The pumping lemma says that

Let be M a regular language. Then it exists a number $p>0$ such that for each word $w\in L$, such that $|w|\ge p$, it exists $x,y,z$ such that :

  1. $w=xyz$
  2. $|y|>0$
  3. $|xy|<p$
  4. For each $i\ge 0$ we have $xy^iz\in L$.

(I don't perfectly understand this lemma...). I have great difficulties to understand the examples which I can provide you in French here.

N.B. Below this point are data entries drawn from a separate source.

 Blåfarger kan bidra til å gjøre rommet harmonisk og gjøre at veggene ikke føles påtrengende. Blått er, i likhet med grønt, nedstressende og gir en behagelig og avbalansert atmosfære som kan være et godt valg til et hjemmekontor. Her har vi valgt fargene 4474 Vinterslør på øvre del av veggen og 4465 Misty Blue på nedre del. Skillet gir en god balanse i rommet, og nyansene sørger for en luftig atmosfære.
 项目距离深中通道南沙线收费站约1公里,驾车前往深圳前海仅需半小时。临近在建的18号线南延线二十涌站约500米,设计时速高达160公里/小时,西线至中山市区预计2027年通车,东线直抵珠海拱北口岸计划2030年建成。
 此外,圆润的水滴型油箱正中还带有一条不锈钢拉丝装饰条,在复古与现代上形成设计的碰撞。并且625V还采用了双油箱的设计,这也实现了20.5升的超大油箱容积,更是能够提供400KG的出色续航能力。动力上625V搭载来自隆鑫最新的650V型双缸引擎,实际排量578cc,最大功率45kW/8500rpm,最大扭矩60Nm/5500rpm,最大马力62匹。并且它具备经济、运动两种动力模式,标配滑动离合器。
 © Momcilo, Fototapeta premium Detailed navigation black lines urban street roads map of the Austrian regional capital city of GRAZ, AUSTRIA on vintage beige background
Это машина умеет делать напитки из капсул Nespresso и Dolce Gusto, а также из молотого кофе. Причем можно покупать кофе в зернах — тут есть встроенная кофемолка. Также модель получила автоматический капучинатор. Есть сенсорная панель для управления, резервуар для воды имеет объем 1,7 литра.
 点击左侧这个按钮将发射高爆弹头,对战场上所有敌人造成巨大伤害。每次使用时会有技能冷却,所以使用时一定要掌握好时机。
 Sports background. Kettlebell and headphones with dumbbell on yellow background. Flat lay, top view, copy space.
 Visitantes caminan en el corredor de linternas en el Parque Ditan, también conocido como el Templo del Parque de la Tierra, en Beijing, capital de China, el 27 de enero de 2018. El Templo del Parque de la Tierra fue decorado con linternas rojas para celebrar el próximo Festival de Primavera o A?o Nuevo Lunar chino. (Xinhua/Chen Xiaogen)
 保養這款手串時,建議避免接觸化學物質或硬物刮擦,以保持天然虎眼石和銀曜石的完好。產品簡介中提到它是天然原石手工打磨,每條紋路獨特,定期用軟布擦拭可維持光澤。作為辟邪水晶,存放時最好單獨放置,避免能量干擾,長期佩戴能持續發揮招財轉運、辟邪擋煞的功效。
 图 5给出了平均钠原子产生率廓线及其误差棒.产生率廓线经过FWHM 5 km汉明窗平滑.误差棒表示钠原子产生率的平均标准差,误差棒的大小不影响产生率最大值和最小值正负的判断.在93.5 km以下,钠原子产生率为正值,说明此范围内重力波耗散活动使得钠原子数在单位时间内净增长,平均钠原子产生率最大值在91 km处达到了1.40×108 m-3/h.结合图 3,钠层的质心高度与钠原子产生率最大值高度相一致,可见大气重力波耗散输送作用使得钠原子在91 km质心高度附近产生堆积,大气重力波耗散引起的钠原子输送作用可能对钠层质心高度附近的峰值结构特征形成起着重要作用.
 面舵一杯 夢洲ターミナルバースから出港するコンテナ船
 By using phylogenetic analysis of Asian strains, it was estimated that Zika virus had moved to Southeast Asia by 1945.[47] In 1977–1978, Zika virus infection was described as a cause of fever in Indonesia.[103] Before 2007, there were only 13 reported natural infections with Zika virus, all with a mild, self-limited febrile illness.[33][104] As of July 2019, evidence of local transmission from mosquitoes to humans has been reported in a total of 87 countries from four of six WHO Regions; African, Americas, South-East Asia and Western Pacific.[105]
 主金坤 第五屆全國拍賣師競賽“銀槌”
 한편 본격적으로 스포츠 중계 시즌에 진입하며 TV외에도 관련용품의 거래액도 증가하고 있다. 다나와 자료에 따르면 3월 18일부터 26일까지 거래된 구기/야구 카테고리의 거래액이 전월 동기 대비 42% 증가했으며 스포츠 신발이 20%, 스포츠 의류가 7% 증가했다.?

My question is different from How to prove that a language is not regular? as far as all answers are based on $L=\{w\mid|w|=a^pb^q\}$ scheme, mine only have one element and is playing on the size rather than the scheme.

My attempt

We take $w=a^{2^n}$. Therefore we have $w\in L$ and $|w|\ge p$. We need a partition $w=xyz$ (to fill in condition 1.) such that $|xy|<p$ (condition 3) and $|y|>0$ (condition 2).

  • Let's assume $L$ is regular.
  • I thought about taking $|w|>n$
  • $x = aaaa....$ , $y = aaaa...$, $|x|=s$, $|y|=k$. We need to consider ALL the options, that is all the possible $s,k$ such that $s≥0$,$k≥1$ and $s+k≤n$.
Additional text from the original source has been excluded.